University of California, Santa Barbara
The two months I spent in the Japan Foundation’s Japanese language program for specialists was a truly invaluable experience. As a graduate student in linguistics at the University of California, Santa Barbara, I research the Kansai dialect of Japanese. Being presented with such an opportunity to study advanced Japanese geared towards researchers is very rare, and I am extremely grateful to have participated in a program so ideally suited to my current research goals.
One unique aspect of this program is the organization of course placement. Classes themselves are all intensive, but students are placed into different levels for different subjects depending on their individual levels. This reflects the reality that a student's speaking level may be high, but their kanji level may be low (as in my case), or vice versa. In addition, advanced classes are tailored to a researcher's needs, which made class content immediately relevant to my own goals (e.g. increasing my reading speed, learning kanji for linguistics terminology, grammar for academic writing, etc.). Most importantly, class size was very small (3-6 students), which meant individual attention from each instructor and high participation from every student. My only regret is that the program only lasted 2 months!
Studying abroad also provided me with new learning opportunities outside of the classroom, such as watching television or dramas with Japanese subtitles (unavailable in the US). Besides constantly using Japanese whenever we go out, the program also organized several events to help create camaraderie between students and make opportunities to go out and use Japanese. A day touring Osaka in small teams (including a list of tasks requiring interactions with Japanese people), visiting a host family, attending a cultural exchange meeting with Kobe University students, and watching Bunraku were just some of the activities I participated in.
Another strength of this program was the regular one-on-one check-ins with each student. This also included creation of personal goals at the beginning of the program and reflection of your own progress towards those goals at the end of the program. Not only did this give me concrete mini-checkpoints to strive towards during the program, but it also made me reflect on my reasons for participating in the program. It left me with a great sense of accomplishment at the end. The individual meetings also made me feel extremely supported by the center, staff, and teachers.
The program also requires everyone to give a presentation on their research, which is an excellent way to make students apply what they have learned. It was also more one-on-one time with our teachers, which I really appreciated. This particular aspect of the program was hugely and immediately helpful to me. After completing the 2-month program, I remained in Japan for a few weeks to conduct research. I have been recruiting participants and collecting linguistic data. The speech I wrote for the presentation has been extremely useful when discussing and explaining my research to others. After the final presentation, I was also approached by two Japanese high school teachers interested in my research and willing to help me recruit speakers of Kansai Japanese.

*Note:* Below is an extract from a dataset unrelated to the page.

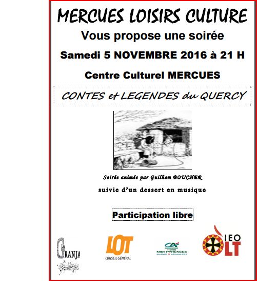 .Soirée proposée par ‘Mercuès Loisirs Culture ». Contes et Légendes  ont animé les veillées de nos campagnes il y a quelques décennies. Venez  les écouter, racontés par Guilhem BOUCHER. Français et Occitan se renverront la balle et tout le monde pourra comprendre.La soirée se poursuivra par un dessert en musique.
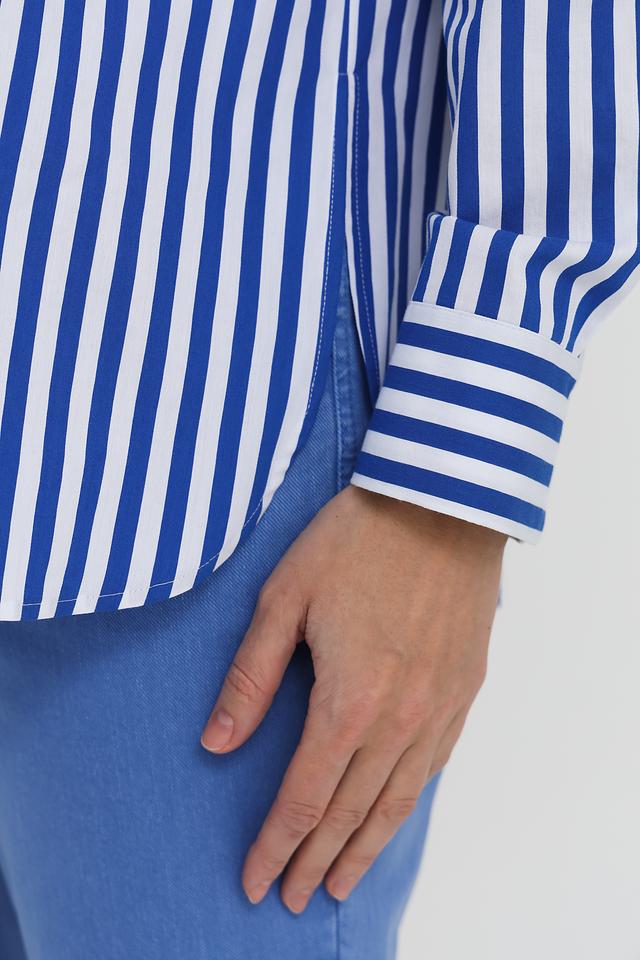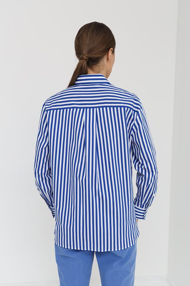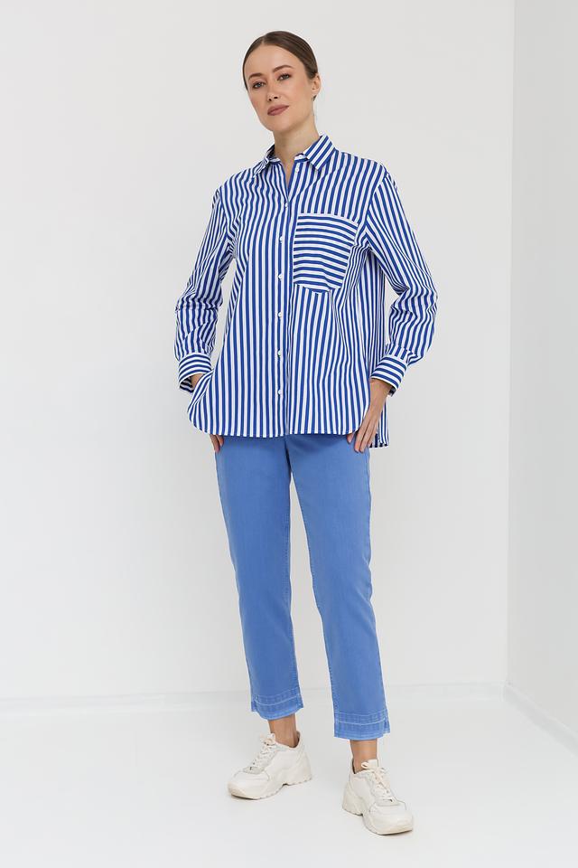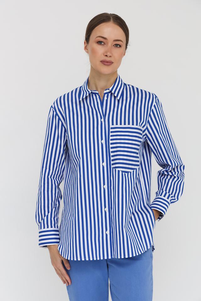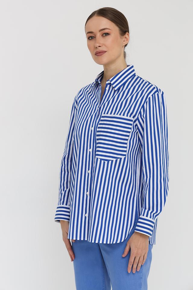 Рубашка имеет классический крой с длинными рукавами и отложным воротником. Ее отличает яркий дизайн в бело-синюю полоску, который добавит свежести и динамики вашему образу. На груди расположена накладная кармашка, которая придает рубашке более непринужденный вид.

Overall, networking has been perhaps the most invaluable part of my experience. Besides the many connections I made at the Japan Foundation (teachers, staff, classmates, residents of Tajiri-cho), everything I learned during the 2-month program has been immediately useful to my research. As part of an assignment for a class on writing emails, I found a linguistics conference taking place at NINJAL in Tokyo this summer. After the program ended, I decided to attend the conference, and I met many Japanese professors who then helped me with my research by recruiting participants for me. Thanks to this program, I have now made several connections with Japanese professors and graduate students in my field of research (Japanese dialects) at several Japanese universities. I have even been invited to submit my research papers to dialect journals and future conferences.
Besides academic connections, I also made strong friendships with my fellow classmates. The other participants in the 2-month program came from all around the globe -- Italy, Hungary, Egypt, Russia, Korea, China, Taiwan, Canada, America, New Zealand -- and we all had a common interest in Japanese/Japan. Meeting people of different cultural (and linguistic) backgrounds was such a special opportunity. I am extremely grateful to have made so many wonderful memories with everyone.
Not only was this program a useful course that improved my Japanese in all traditional areas (kanji, reading, writing, speaking, grammar), it offered unique classes relevant to my research needs (reading speed, academic grammar, field-specific kanji, presentation of individual research topics). Besides training in the Japanese language, the various connections I was able to make with people within and outside the center are essential to my current and future research career. I cannot express just how much this program has furthered my research abilities. I will always be grateful for this amazing and wonderful experience!